In this essay series I’ll describes a set of common causes in the form of biases, assumptions, actions underlying sub-optimal health outcomes that I’ve seen first-hand, heard about directly from others, or understood through reading the primary literature. I’ll start with my own story in this first essay.
San Francisco, 2018.
Doctor: Ari, please sit down. We got your scan images back. It’s not good news. Unfortunately these results are consistent with Non-hodgkin’s Lymphoma. I know this isn’t what you were hoping to hear and I’m sure you have a lot of questions.
Me: (stunned, the blood flushing from my head) …I… don’t think I understand…uh, what does this mean? How bad is this?
Doctor: An Oncologist will follow up shortly with more information. For now I’d probably avoid searching things on Google.
I searched Google. The doc was right, I wish I hadn’t.
The Oncologists plan: inject me with poison to kill it faster than it can kill me. This is as counter-intuitive as it is rational and necessary.
Chemo treatment
I look at the plastic tube in my forearm. I suddenly feel gravity pull me into the plush leather chair. The irony of poisoning myself in comfort. It all hinges on this protocol, messy medical statistics and the promise of atomic interactions; a toddler corralling wild animals. Should the plan fail, my personal cosmos dies: no more kids: Saul’s tender locks, Lev’s joyous screeches, Lua embracing my leg as I limp up stairs like Capt. Ahab, Michelle’s sweet voice calling ‘Ari’. No more grand ideas, great food, smelling warm homes, whiteboard sessions with my team, crisp air on my cheek. Sunday walks in a garden disappear, along with electric purple flowers. No more hypnotically staring at golden dust diffusing in a ray of sunlight. Game over, and a wake of hardship/sorrow for my family and friends. Ugh! I squeeze all of… this.. into my palm in vain attempts to strangle something.
I look up, noting the machines on stands, IV drips, beeping things and sterile walls. My eyes drift to the floor. Black nurse clogs step into my teary peripheral vision, then back away tactfully. I clench my eyes and inhale, gagging on the smell of glue molecules. Why does that stretchy corrugated tape smell like that?
I lift my eyes to hers. Let’s do it.
The Nurse hooks up the Rituximab to the orphaned end of the tubing. I pick up the hastily stapled sheet she printed out at my request. The second line reads - in 94 font - “SIDE EFFECTS CAN INCLUDE DEATH…”. Pointless, I think. I put it down. Try to relax.
End of Chemo treatment
After completing 6 rounds of chemotherapy, the so-called “first line of treatment”, I completed a CT scan. The purpose was to tell the doctors whether the treatment had killed the cancer. The way to understand this type of cancer is in likening it to a house fire; 90% extinguished is not good enough.
Oncologist: Ari, sit down. Bad news. Your scan came back positive. This means There’s still activity. The treatment was not fully successful…Followed by a set of words, by which time my mind was elsewhere entirely.
The recommendation: more intensive chemo, followed by a stem cell transplant. Terrifying would not do justice to that conversation, probably the hardest of my life.

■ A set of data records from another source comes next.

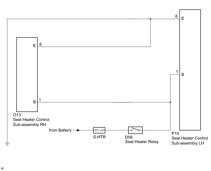 Battery voltage is supplied to the seat heater control sub-assembly through the S-HTR fuse.
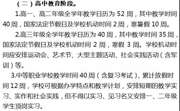 按照通知,高一、高二年级全学年教学日历为52周,其中教学实践为40周,寒暑假10周;高三年级全学年教学日历为40周,其中教学时间35周,寒假3周。
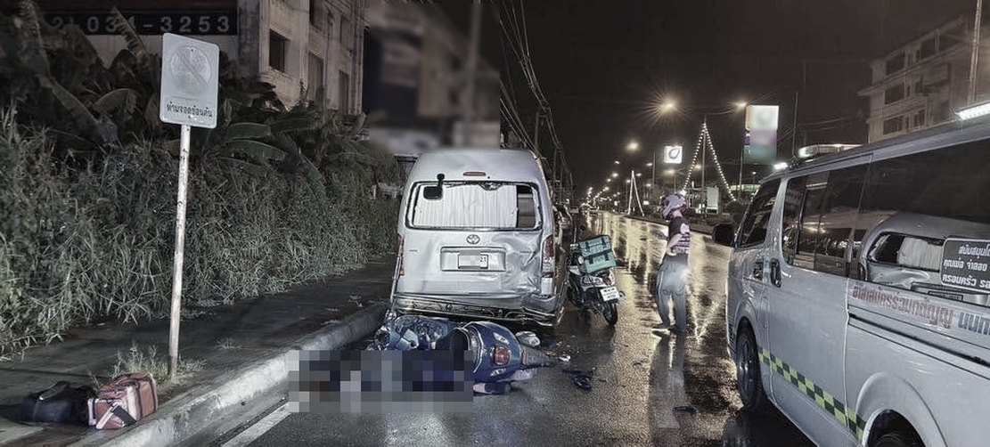 หนุ่มขี่รถจักรยานยนต์เสียหลักชนกับรถตู้ เสียชีวิตกลางถนนบางกรวย - ไทรน้อย จ.นนทบุรี
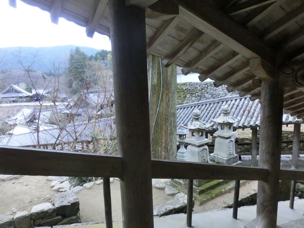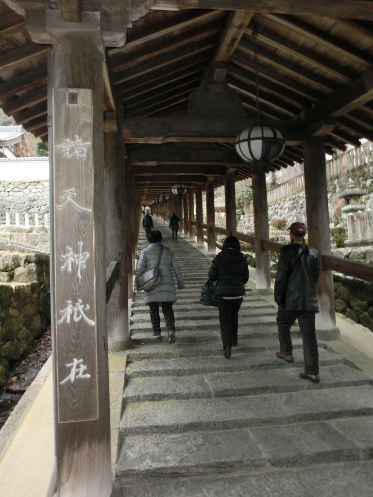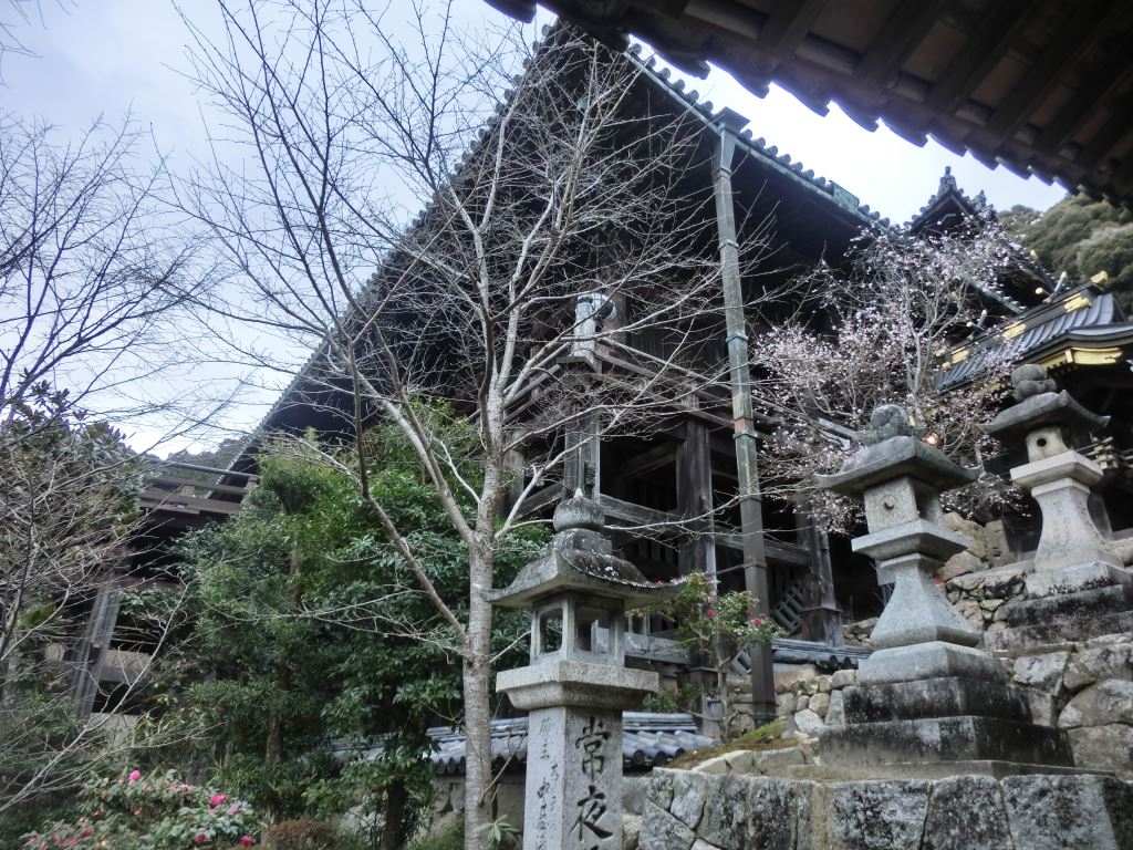 豪壮な仁王門から続く登廊は全部で399段あります。中程で鍵型に右に折れ直ぐに左に曲がり本堂へ上っていきます。鍵型に右に折れた部分から今上ってきた登廊を眺めると印象的です。登廊の終り部分では左手に断崖絶壁に建つ本堂を下から眺められ懸け造りの構造がよくわかります。登廊は長いですが緩やかですので苦にはなりません。

I literally dropped my phone on the concrete, smashing the face. This was much worse than the initial diagnosis. This time I was anticipating the call, I knew what this meant.
The road not taken
Navigating a hard medical condition is a war on multiple fronts, spanning biology to the healthcare system. The key to achieving an optimal medical outcome (whatever that means for a given situation) is intelligent and active patient engagement. Said another way, a great way to achieve suboptimal medical outcomes is to listen to your doctor, unblinking and unquestioning.
But what had become apparent over the preceding months was that our collective medical knowledge does not extend very far; consider that bloodletting as a cure-all treatment only ended in the late 1800s. Each time I would ask a few questions I’d find myself at the edge of human knowledge. That’s not an encouraging place to be.

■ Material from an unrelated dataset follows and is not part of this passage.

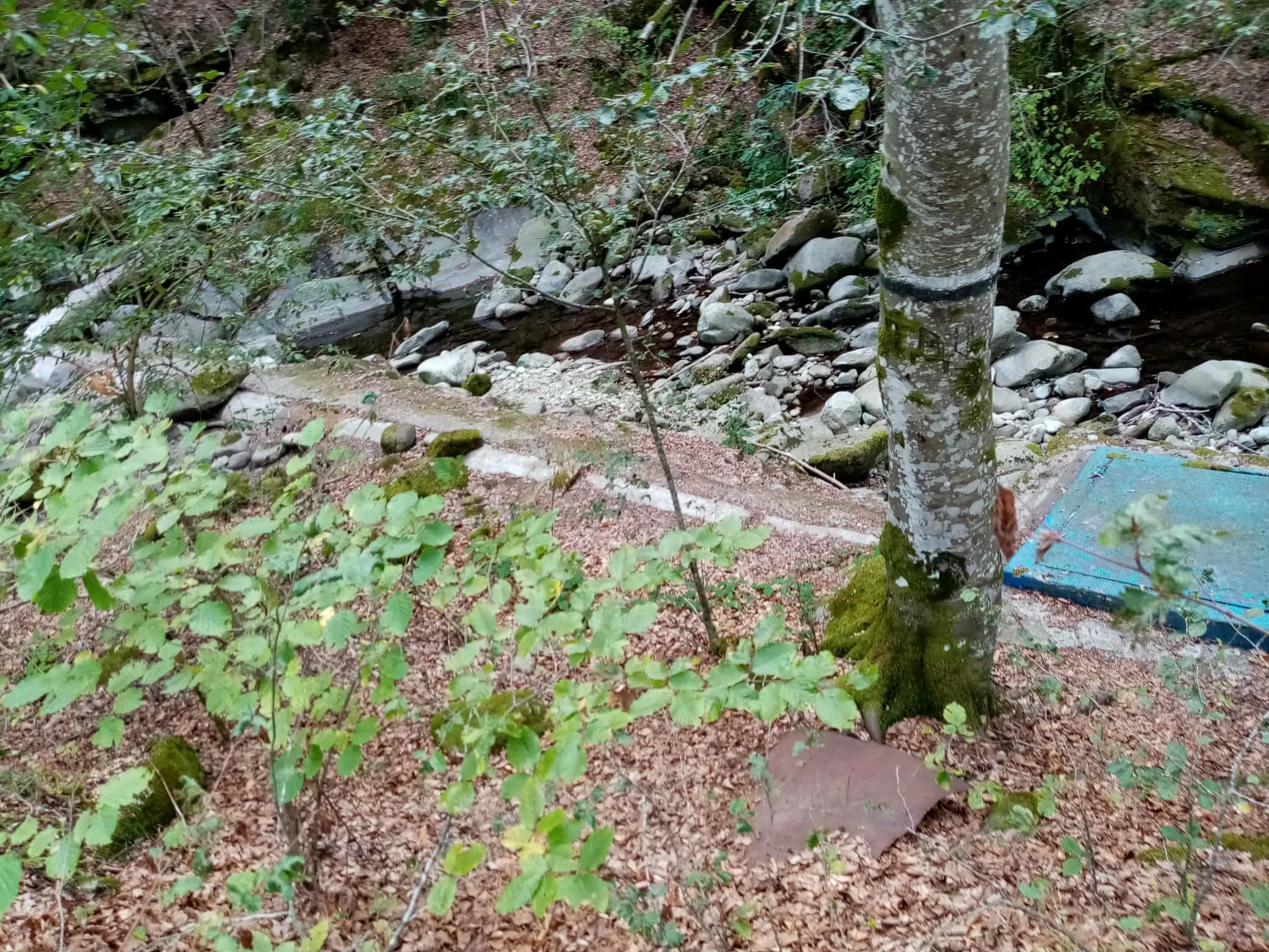 Към края на обиколката на водоизточниците на ПСПВ – с. Стоките пътят ни водеше по дъното на бъдещия язовир. В момента то представлява гъста гора, с огромни дървета и храсти, между които се виждат останки от зидове на къщи и дувари на дворове в селището, чийто жители са били изселени заради строителството на язовира.

I resolved to be fully involved in every detail of my treatment. To cut a very long story short, I took a highly proactive role in navigating the experience. Below is a sampling of procedures and treatments recommended by my docs that I was able to modify or avoid entirely during my journey:
Avoided an unnecessary stem-cell transplant which would have included living away from my wife and 3 kids for months, while living in a bubble. Not to mention the damage my body would have absorbed.
Avoided intense follow-up chemotherapy treatments with low odds of success.
Decided to enter an experimental and dangerous clinical trial (in the end it was unnecessary).
Altered a surgical procedure that would have sliced me open like a gutted fish and immobilized me for 6 weeks.
I should say none of this has to do with medical malice, incompetence or the like. Instead, this speaks to the potent mix of challenges related to treating people at scale for things for which the mechanisms aren’t well understood.
For the better part of a year I found myself navigating the most complex set of decisions I ever had to think through. I had to do this while in an emotionally charged state. It was psychologically taxing. Not only because of the logical depth, but also owing to the emotional intensity. For example I’d read through white papers about my condition and new research paths to treating it then discuss with researchers in the field. But later in the same day I’d slip into an introspective mode, pondering mortality while staring at a sink full of sippy cups.
Sitting in a chemotherapy chair is, strangely, like being on a bus. It’s not so much that the seats aren’t comfortable (they are), the passengers rude (most people are kind), or the smells unpleasant (that depends). Rather, it’s a place - increasingly rare in society - in which a representative cross-section of society can be found in the same room. Not only that but with a common set of goals - to survive, sometimes against massive odds. I’ve had the opportunity to talk to my fellow travelers. I heard their stories. And gotten to learn about how they engage the system.
What I learned is that achieving the best outcomes is not about having the best doctor or being in the fanciest system. That definitely helps. But the variance in outcomes is just as much a story about how people engage (or don’t) with the healthcare system itself. This is based on my experience as a patient, but it isn’t only my story. These stories happen every day to people navigating the medical system.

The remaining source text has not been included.